Dental anomalies and oral pathologies—Periapical diseases and other findings. Detection of dental diseases such as periapical lesions, impacted or missing teeth, maxillary sinus anomalies, and condylar changes and other miscellaneous findings.
Prosthetics—The number of crowns and implants was calculated for each patient.
Demographic data such as age, sex, and medical status were taken from the electronic data.
2.3. Intra-Observer Reproducibility
In this study, we conducted a comprehensive evaluation of the intra-observer reproducibility of our measurements to ensure their reliability and accuracy. The observer (TOA) carried out ten repeated measurements, which were then meticulously analyzed to detect any inconsistencies or variations. We employed point estimates and a 95% Confidence Interval (CI) for assessing the differences in these measurements. Intra-Class Correlation Coefficient (ICC) scores for Periodontal Bone Loss measurements were high at 0.92 and 0.90. This indicates a high level of reproducibility.
2.4. Sample Size
Due to the lack of available data needed to determine the effect size, a pilot study approach was selected. The study included a total of 80 participants, comprising 40 patients who were sex workers (encompassing all individuals participating in the governmental project) and 40 control patients.
2.5. Statistical Analysis
The statistical analysis for this study was conducted using IBM SPSS Statistics software, version 25.0. Given the non-normal distribution of our data, nonparametric Mann–Whitney U tests were applied for bivariate analyses to compare the Decayed, Missing, and Filled Teeth (DMFT) index across the variables of age and sex. Descriptive statistics, including means and standard deviations, were calculated to summarize the dataset. A p-value threshold of less than 0.05 was set for determining statistical significance.
3. Results
For each group, 40 electronic health records were scrutinized, with the findings summarized in
Table 1. The average age among the sex worker group was 41.8 ± 12.29 years, which was not statistically different from the control group’s mean age of 37.31 ± 12.88 years. Within the sex worker cohort, 70% (28 individuals) identified as female, whereas the control group comprised 57.5% (23 individuals) female participants.

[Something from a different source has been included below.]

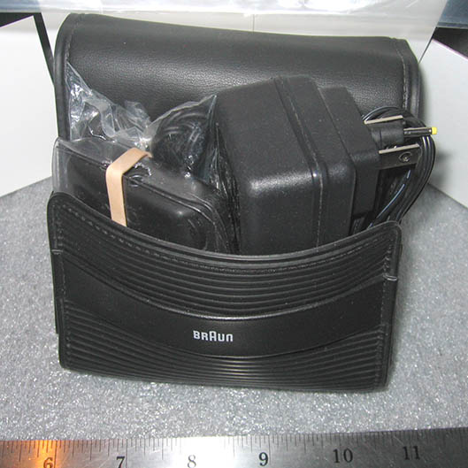Here you see everything except the headphones and USB cable packed into a Braun

The sex worker group exhibited a notably higher mean DMFT (16.05 ± 8.09 vs. 7.95 ± 5.48,
p < 0.001), indicating severe decay, missing, and filled teeth conditions.
Figure 2 demonstrates the overall DMFT index and its separate parameters. Additionally, the prevalence of peri-apical lesions was significantly higher among sex workers (1.95 ± 2.22 vs. 0.5 ± 0.98,
p < 0.001), and they were also more likely to have decayed teeth (4.2 ± 4.1 vs. 0.8 ± 1.2,
p < 0.05) and supragingival calculus (60% vs. 17.5%,
p < 0.001). Missing teeth were more common in the sex worker group (5.8 ± 7.3 vs. 0.7 ± 1.4,
p < 0.01).
In both study groups, a regression analysis conducted to examine the relationship between age and the number of missing teeth, as well as between age and the DMFT (Decayed, Missing, Filled Teeth) score, indicated a moderate correlation. The correlation coefficient (r) was found to be less than 0.5 for both parameters in each group (data not shown).

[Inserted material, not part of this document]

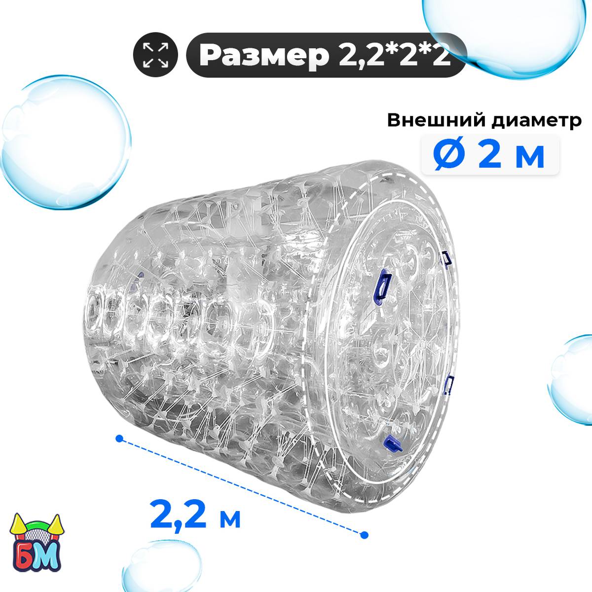 Это уникальный формат развлечений: надувной цилиндр из усиленного прозрачного ТПУ длиной 2,2 м и диаметром 2 м. Внутри легко размещаются два человека, которые бегут и вращают роллер по воде, словно хомячки в колесе! Такая конструкция дарит море смеха и драйва, ваш аттракцион будет заметен издалека — отличный способ выделиться среди конкурентов.

Within the SW group, there was no difference between males and females (
p-value > 0.05). Conversely, in the control group, a marginally significant variance was noted in the DMFT score between males and females (
p = 0.053), alongside a statistically significant difference in the amount of teeth with fillings (
p = 0.02), as detailed in
Table 2.
Within the sex worker group, one patient experienced an oro-antral fistula following the extraction of a molar tooth, while another patient from the same group was diagnosed with nasal cavity candidiasis. There were no mentions of soft tissue lesions in the control group, according to our records.
These results suggest that the SW group generally had poorer dental health compared to the Control group, with significant differences in DMFT, peri-apical lesions, decayed teeth, supragingival calculus, and missing teeth. However, there were no significant differences in periodontal bone loss, wisdom teeth, restorations, root canal treatments, or dental implants between the two groups.
4. Discussion
This study focused on the oral health disparities between female sex workers (SWs) and the general population (GP). The retrospective study analyzed health records from 80 individuals (40 SWs and 40 matched controls) using clinical examinations and radiographic imaging to assess dental health indicators like the presence of caries, missing teeth, and periodontal bone support. Significant findings include a higher incidence of caries and missing teeth among SWs compared to the GP, underscoring the need for targeted health interventions to address these disparities.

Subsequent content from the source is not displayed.